I’ve been trying to not sweat about long breaks in my blogging. I want to get four posts up every week and lately it feels like I make that goal and then take an entire week off or I don’t have extra energy to spare to do any writing when it comes time for the boys’ naps or after they’re upstairs with Joel for bedtime stories.
It’s been fun having the journal of my pregnancy with Graham and Miles to look back on so I want to keep on top of my updates with this pregnancy but, you know, time cruises along and I just miss the chance.
The last time I took a belly picture was at 27 weeks, now I’m into my 32nd week already! Time is flying by so fast, I feel like it will be August before I can blink.
Here’s my latest belly picture, which was technically taken at week 31.
I look all happy because I have my face scrunched up to hide the large bags under my eyes and the fact that I hadn’t showered in two days. But, I am happy too.
Summer fruit is a big perk of being pregnant right now. I think I’ve eaten six nectarines in the last two days, I just can’t get enough. And with girly riding so low I’ve got quite the shelf to keep my bowl close to my mouth.
By the time you’re reading this, we should have the boys transitioned to their new twin beds (I’ll have to make a separate post on that) and I should have some of the clutter sorted out in our bedroom. We want to get the closet in our spare bedroom downstairs turned into a mini-office for paper taming and organizing my crafts so until then our room has become some what of a dumping grounds for a bunch of odds and ends that really don’t belong in our room.
Physically I’ve been doing about as well as expected. I get a sore lower back the most of anything I can complain about but it hasn’t been anything debilitating. I’m still not getting swollen up, even with the hot weather we’ve been having I’ve managed to drink enough water and eat well enough to keep my body working well for me. Now if I could only kick the staying up too late habit then I’d have better mornings but I’ll always be a night owl so I’m never surprised when I’m up late just because.
Mentally things are up and down emotionally.
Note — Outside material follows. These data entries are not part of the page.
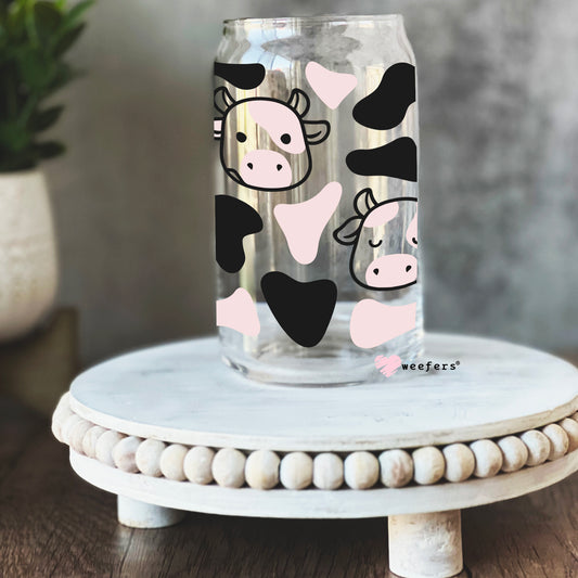 Pink Cow Print Libbey Glass Can UV DTF or Sublimation Wrap - Decal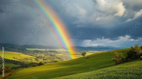 Naklejka premium Majestic Rainbow Arcing Over Rolling Green Hills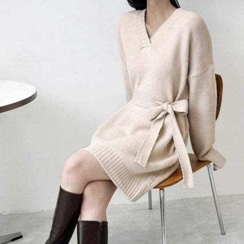 [셀럽하우스]브이넥 DFPZ9452 니트 데일리 리본 원피스 스트랩 데이트룩 하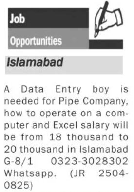 Private Company invites applications for job positions advertised in daily The News dated 26 April 2025 for following vacancies in G-8/1 Islamabad, islamabad Islamabad Pakistan.

I’m definitely in the hormonal last two months of pregnancy and find myself getting annoyed at the sound of my husband eating pretzels or totally frustrated that I dropped something and have to bend down to pick it up. Little stupid things that would otherwise not phase me are on my radar of annoyances. I try to keep it in perspective and keep my cool but there have been a few blow ups for no good reason.
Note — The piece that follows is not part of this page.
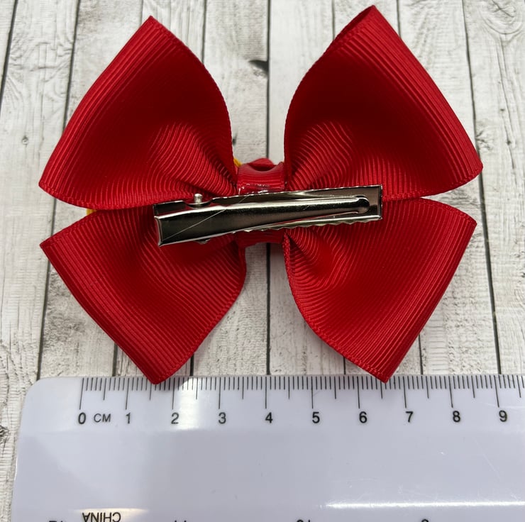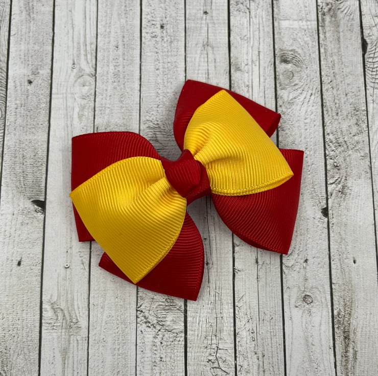 Our top knot bows are handmade here in our little shop. They are made from the best quality Grosgrain ribbon. These bows are really elegant and look extremely smart and go well with the red and yellow gold School Uniform.

Because the doctor I have selected has a policy to do a c-section at 41 weeks for all VBAC (vaginal birth after cesarean) patients I have a hard stop of knowing when our girl will be here. It’s a balance between wanting to go full term or long enough but not too early. I want to have a healthy vaginal birth, I don’t want a c-section if I can avoid it. It’s a weird waiting game that I can do nothing about. And yet, the clock ticks on and my to do list gets longer. Luckily we have some weekends coming up where we’ve lined up help from family and friends so hopefully we’ll get a bunch more work wrapped up.